Financial Trends Illustration

Millennials at 40, Fintech and ESG: Three Challenges for Financial Services in 2020

December 12, 2019

Key trends, such as millennials beginning to turn 40, the need for technology to help people and ESG’s new status as a must-have, not a nice-to-have, all present market obstructions for the financial sector in 2020. Companies need to rewire their strategic thinking, offerings and communications to connect with today’s customers, borrowers, investors and workforce.

The first millennials will turn forty years old in 2020

That is a pause-worthy moment. Millennials are already the largest generation in the workforce and the most educated generation in history. They are definitely not the wealthiest generation but the rising earning and economic power of millennial men and women who are now in their 30s is inevitably influencing the direction of financial organizations.

As millennials begin to turn 40, their financial lives are becoming more complicated and anxiety is likely to increase because of the cost of living, the pressure to care for family and the need to save for retirement. The financial awakening for many millennials came as they and their parents experienced the great recession and financial meltdown of 2008. They may live with economic uncertainty, but millennials know they have a long life ahead. They are interested in conversations that can help them along the way—and in hearing from real human beings, not just technology.

Tech is becoming finance and finance is becoming tech

The technology budgets of financial services companies have exploded—exceeding $10 billion a year for the largest banks. Financial companies are undertaking major technology transformation projects. Everything that can be automated will be automated to increase efficiency and support profit margins as the industry undergoes relentless fee compression. Artificial intelligence and machine learning are being used to drive more precise decisions about consumers and to detect fraud and abuse. Technology and data analytics are powering new financial products and platforms able to deliver services through a more technologically savvy customer experience.

Fintech startups and big tech are driving real competition in the financial space and augmenting—or in some cases leapfrogging—traditional financial services. In China, mobile payment networks are processing trillions in transaction value in an economy that was mainly cash-based only a decade ago. In the United States, there’s been real innovation in the design and conception of mobile payments coming from the tech side, “not a bank.”
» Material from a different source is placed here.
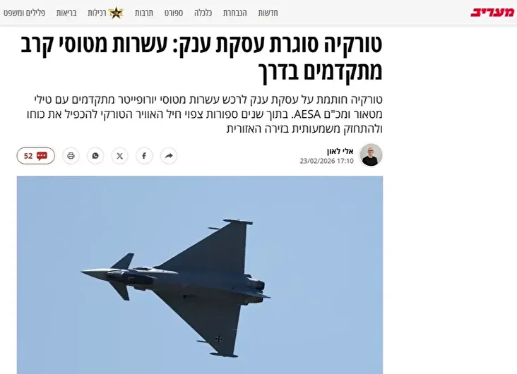 İsrail merkezli Maariv gazetesi, süreci okuyucularına “Ankara dev anlaşmayı tamamladı: Onlarca gelişmiş savaş uçağı yolda” başlığıyla duyurdu. İlgili analizde, Türkiye’nin bünyesine katacağı Eurofighter’ların AESA radar teknolojisi ve gelişmiş Meteor füzeleriyle donatıldığı, bu alımın son derece kritik ve büyük ölçekli bir hamle olduğu ifade edildi.

So why has this tech transformation not inspired a deep love of financial services brands or fintech companies by millennials or others? It may have to do with people. Most people are not very good about managing their money or even about talking about it. Technology needs to be harnessed and positioned in ways that helps the financial industry become known as an industry that helps people and society do things better—and one that can attract the tech talent of the future.

Sustainable finance is now “must-have,” not “nice to have”

Several years ago, I authored an “APCO Sustainability Trend Tracker” that asked the question, “Are businesses and investors at an inflection point?” At that point, leading corporations were already well on the path of establishing corporate social responsibility commitments and reporting on material environmental, social and governance (ESG) issues, and financial institutions were establishing their commitments to including ESG and responsible investment principles into their investments.

It was apparent then that neither the corporate world nor the world of finance had yet integrated ESG factors into their overall business strategic planning processes, investment methodologies and C-Suite mindsets. It was certainly an expert-level conversation and a niche in the financial markets and media, particularly in the United States.

Timing is everything: today, it seems like we are in an ESG moment. The asset flows into institutional funds managed according to ESG principles are nearing $30 trillion worldwide. Institutions expect the asset managers they hire to integrate ESG factors into investment decisions. Numerous studies have shown that companies with better ESG performance also produce better and less volatile earnings and stock market performance, or at least that investors don’t get lower returns from socially conscious investing.

At a retail level, the financial power of women and millennials is growing, and they want to invest in and work for companies that do good for society while making money for their investors. The productization of ESG funds is on the rise by financial firms that recognize a new market opportunity.

The growth in green bond issuance demonstrates the potential for raising capital specifically for projects that reduce harm to the environment while increasing asset resilience and sustainable economic development, and promotes interest and innovation in new investment categories. Bank of England chief Mark Carney is taking on a new job in 2020 as United Nations Special Envoy for Climate Action and Finance with a mission to galvanize the global financial system around disclosures of climate risk and investing for a “net-zero” world.

With any financial trend comes froth and fads. We’re now seeing financial media headlines like “The ESG Explosion Has Arrived. Here’s What it Means for You.” The risk is that some companies approach this moment inauthentically. Greenwashing is not a new term, but it is now being joined by purpose-washing.

But corporate and financial leaders are showing a different mindset. This year the Business Roundtable including the CEOs of the largest financial institutions and asset managers issued a Statement on the Purpose of a Corporation, prioritizing stakeholder value and inclusive economic growth as the way to create long-term value for shareholders. Valuing the whole picture including ESG risks and opportunities and externalities is increasingly a must-have, not nice-to-have.